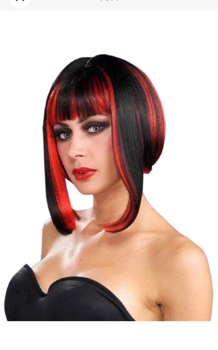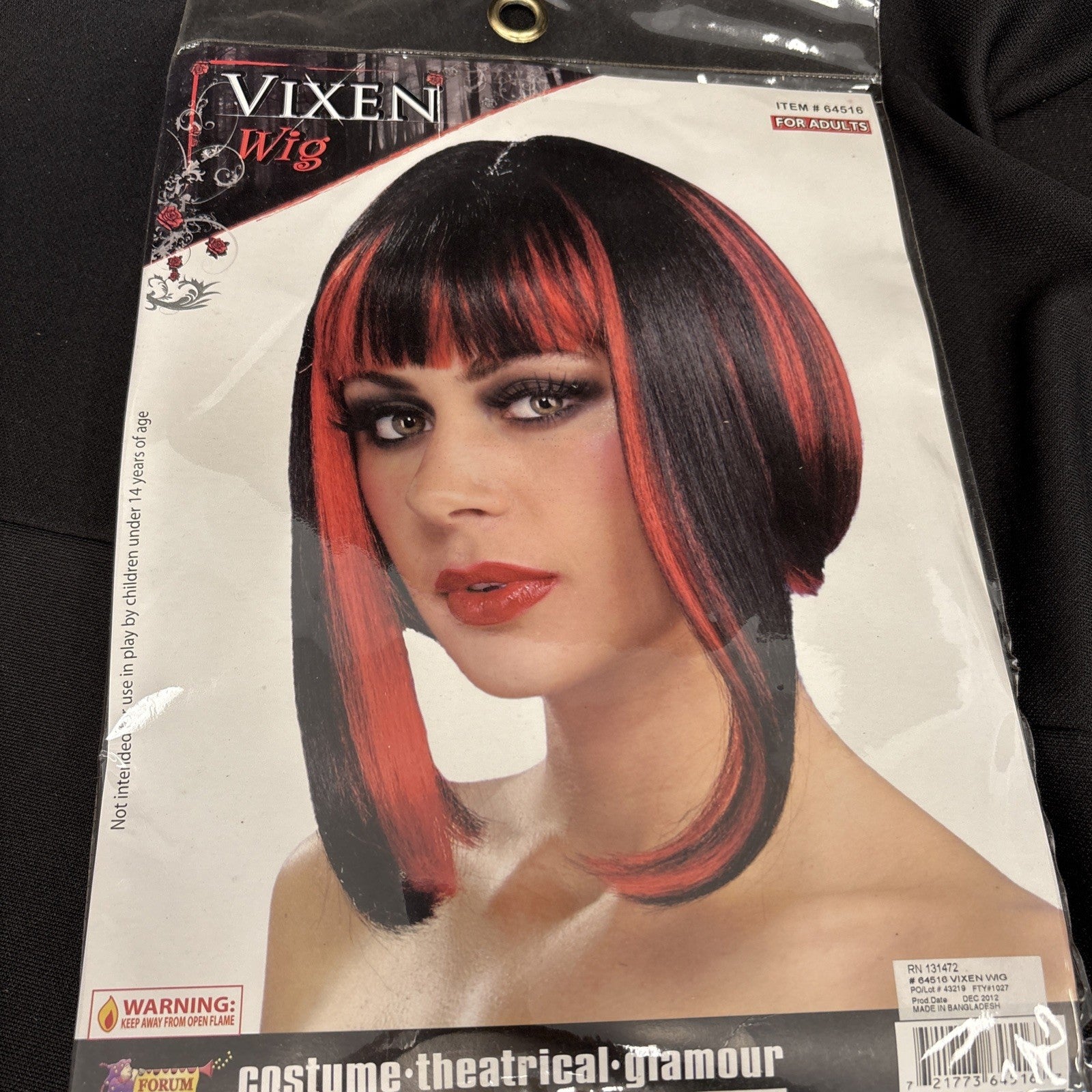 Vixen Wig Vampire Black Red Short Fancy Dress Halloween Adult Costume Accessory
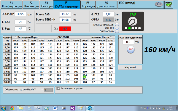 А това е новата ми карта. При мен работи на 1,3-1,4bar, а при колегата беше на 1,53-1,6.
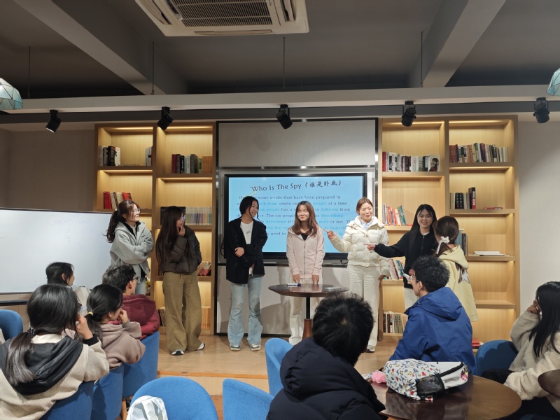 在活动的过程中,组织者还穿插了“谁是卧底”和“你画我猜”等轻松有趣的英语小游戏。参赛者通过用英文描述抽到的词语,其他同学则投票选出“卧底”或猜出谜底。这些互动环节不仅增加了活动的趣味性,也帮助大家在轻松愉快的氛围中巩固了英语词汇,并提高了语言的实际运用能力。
━━━━━━━━━━
(What is expected): Restate the material word for word from its first line through the line containing "А това е новата", both included; the pictures do not belong in it.

(The completed task):
 Vixen Wig Vampire Black Red Short Fancy Dress Halloween Adult Costume Accessory
 А това е новата ми карта. При мен работи на 1,3-1,4bar, а при колегата беше на 1,53-1,6.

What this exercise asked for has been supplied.